There are five stages of grief in preparing to watch “The Emoji Movie.” The first is denial that this actually exists. The second is anger that even storytelling has been reduced to those reductive blobs. The third is bargaining that, hey, they made “The Lego Movie” work so maybe some smart folks actually pulled this off. The fourth is depression that movies confuse “brands” for “ideas.” And the fifth is acceptance that, yes, of course that's where we're headed so let's make the most of it.

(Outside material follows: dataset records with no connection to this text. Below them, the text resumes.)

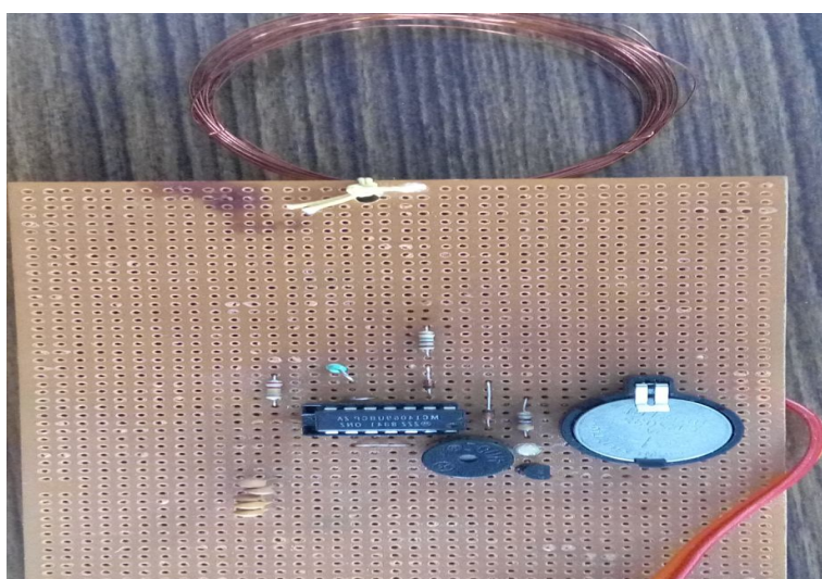
Figure 3 Accident Prevention System

The hardware setup of Accident Prevention System is shown in Figure 3. This setup is designed as proximity device in which coil is used to sense the flux produced by the current carrying devices when the supply is turned OFF. If the change in flux produced in the coil then the EMF is induced, the buzzer will give the sound to prevent the worker from touching the shorted wire. It will work for 20-25 cm.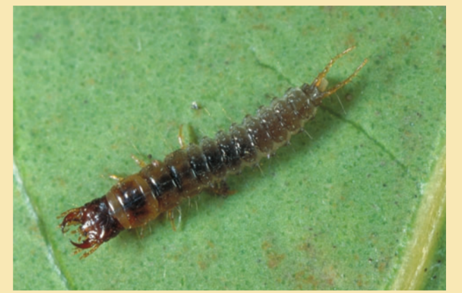
Predaceous ground beetle larvae live on soil and in litter, feeding on almost any invertebrate.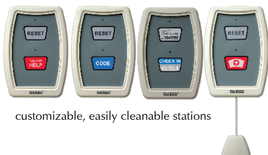
customizable, easily cleanable stations

The good news is “The Emoji Movie,” co-written and directed by Tony Leondis, is not evil. The bad news is it's just mediocre, or in emoji parlance, simply “meh.” It does not come close to the joy and wonder of “Toy Story” or “Inside Out,” although it appears to borrow the central conceit that anthropomorphized emojis have families and ambitions.

Alex (voiced by Jake T. Austin) wants to communicate with a girl in res and Sony Pictures Animation's "The Emoji Movie." Courtesy of Sony Pictures Animation

“The Emoji Movie” takes us into the world of Alex's phone. He's an awkward high school freshman who is stressed out about what to text a girl he has a crush on. His friend advises him that “words are stupid” so he goes for a good old emoji. Little does he know in the emoji app it's Gene's first day of work. Gene (T.J. Miller) is supposed to be the “meh” symbol, but the excitable yellow blob alternates between emotions and can't stick to the one he's supposed to have.

When Gene messes up, the sinister Smiler (Maya Rudolph) decides he must be deleted. Suddenly Gene is on the run, and hooks up with the past-his-prime Hi-5 (James Corden) and a hacker emoji Jailbreak (Anna Faris) to try to get into the cloud where they might fix him.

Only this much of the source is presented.